Aussi étonnant que cela puisse paraitre, nos étudiants méconnaissent la littérature de jeunesse contemporaine. Aussi, en première année, j’entame la découverte de ce domaine en les sensibilisant à l’idéologie implicite dans les récits pour enfants. Avant d’analyser avec eux, dans le texte même, les ruses narratives utilisées par l’auteur pour défendre sa thèse, je lis oralement l’album, par une lecture que j’essaie de rendre la plus expressive possible, en montrant les images.
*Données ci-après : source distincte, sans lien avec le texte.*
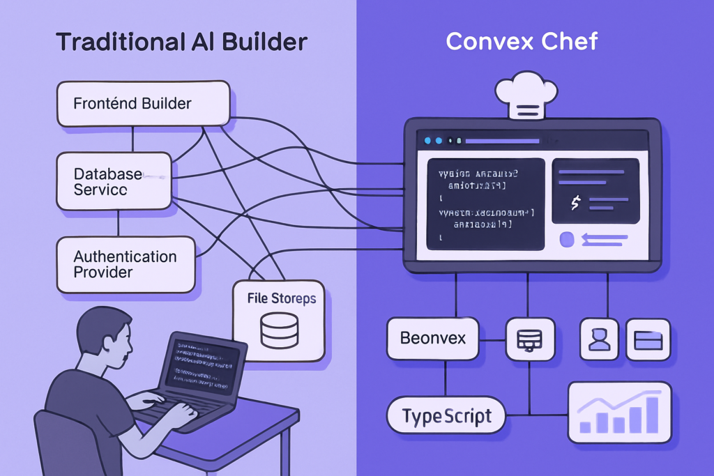 - ⚡ Traditional AI builders require 3-5 additional integration steps after code generation, while Convex Chef provides database, authentication, and real-time features out of the box
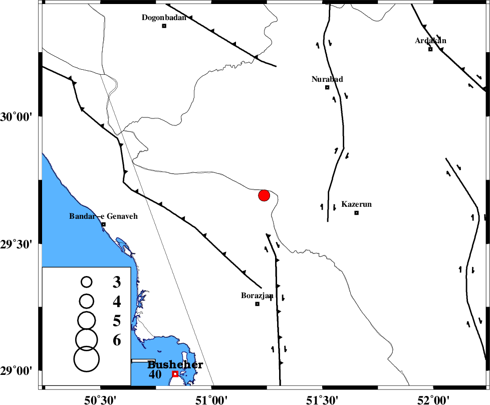 | KAZERUN_F (Length: 96 km) , Distance to epicenter: 28 km | |
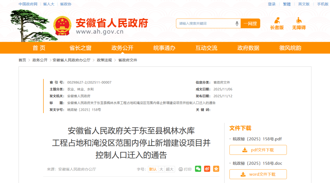 11月12日,安徽省人民政府网站发布安徽省人民政府关于东至县枫林水库工程占地和淹没区范围内停止新增建设项目并控制人口迁入的通告。
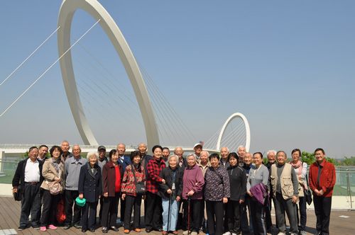 参观前 ,老同志们还兴致勃勃地游览了河西新城、滨江风光带和南京青奥村,在“南京眼”前纷纷留影,领略美好的春光,感受南京城市的建设和发展。
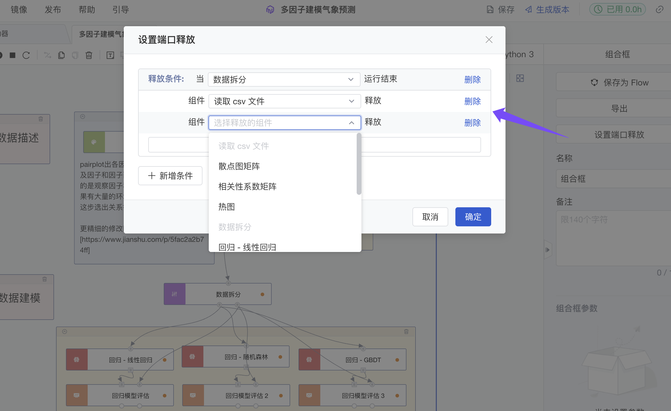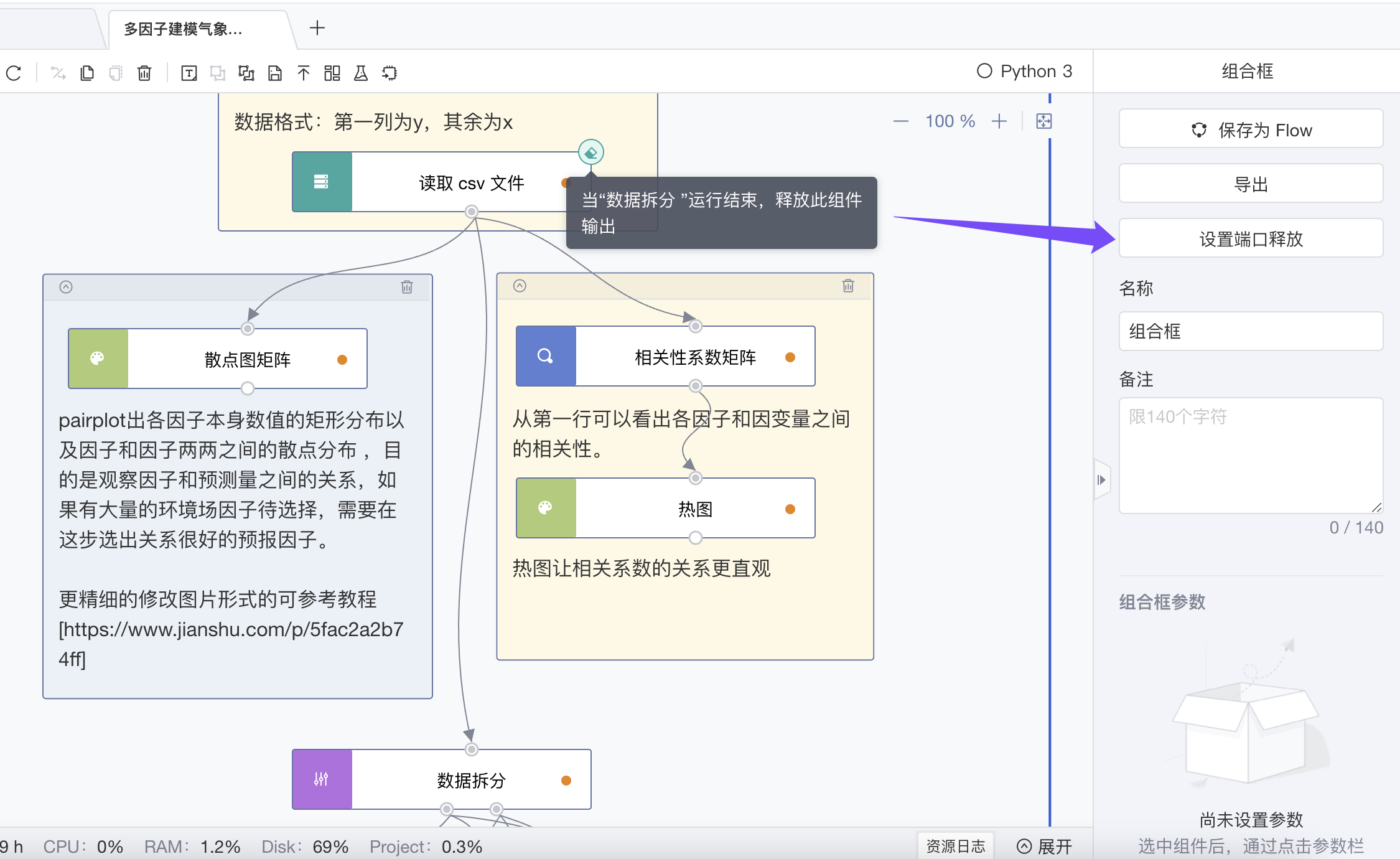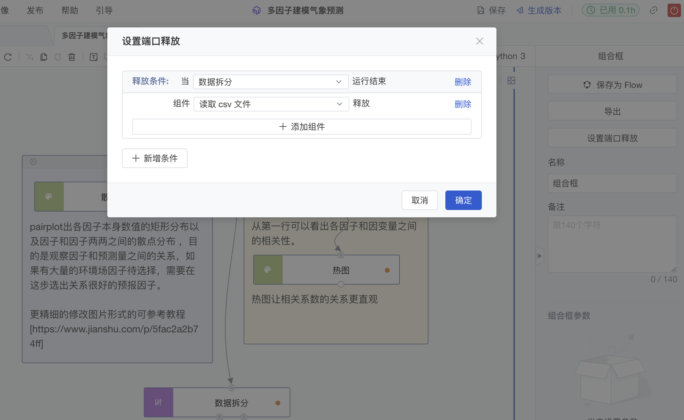 用户可以使用 Canvas 低代码工具分析业务数据。当 Canvas Flow 工作流中涉及较多组件、处理的数据量大、处理步骤多时,可能会造成内存溢出造成使用问题。因此,我们设计了“端口释放”功能:你可以设置“当「组件 A」运行结束后,释放「组件 B」的输出”,以达到内存及时释放的目的。示例 Flow 中用户正在进行数据分析、其中输入数据比较大,因此设置了“当「数据拆分」运行结束后,释放「读取 csv 文件」组件的结果输出”。
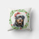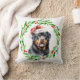 Kerstkussen met een waterverf Rottweiler en waterverf kerstkransontwerp. Voeg de naam van de hond toe aan het ontwerp en het is het perfecte cadeau-idee voor die laboratoriumliefhebber die je kent, of voor jezelf!
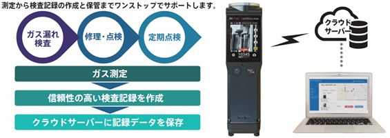 本製品は、従来品の「レーザーメタンミニ」を改良し、新たにデジタルカメラを搭載することで漏洩箇所の画像とその時の測定値、時刻情報をワンセットで記録します(特許出願中)。また、記録した検査記録を専用のアプリを使いクラウドサーバーに収めることで、ガス漏れ検査から検査記録の作成、保管までワンストップでサポートします。
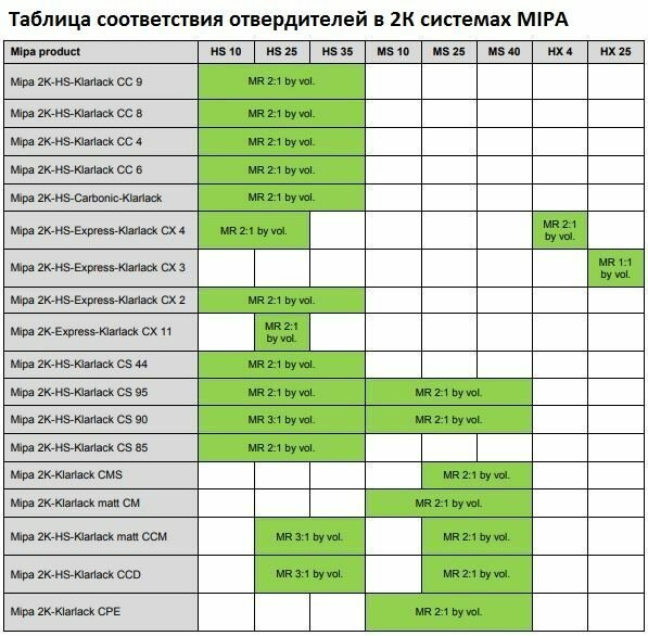 Лак Mipa CC9 HS-Klarlack (1л+0.5л) в комплекте с отвердителем HS25 интересное:

Alors, dans la promiscuité d’une classe de trente-cinq étudiants, le silence s’installe : ils rient, sont émus, applaudissent parfois… Ils ont retrouvé le plaisir d’écouter une histoire !
Je choisis quelques auteurs (Voir Références 1 dans la Bibliographie) et je mets à la disposition des étudiants des livres qu’ils peuvent manipuler et emprunter.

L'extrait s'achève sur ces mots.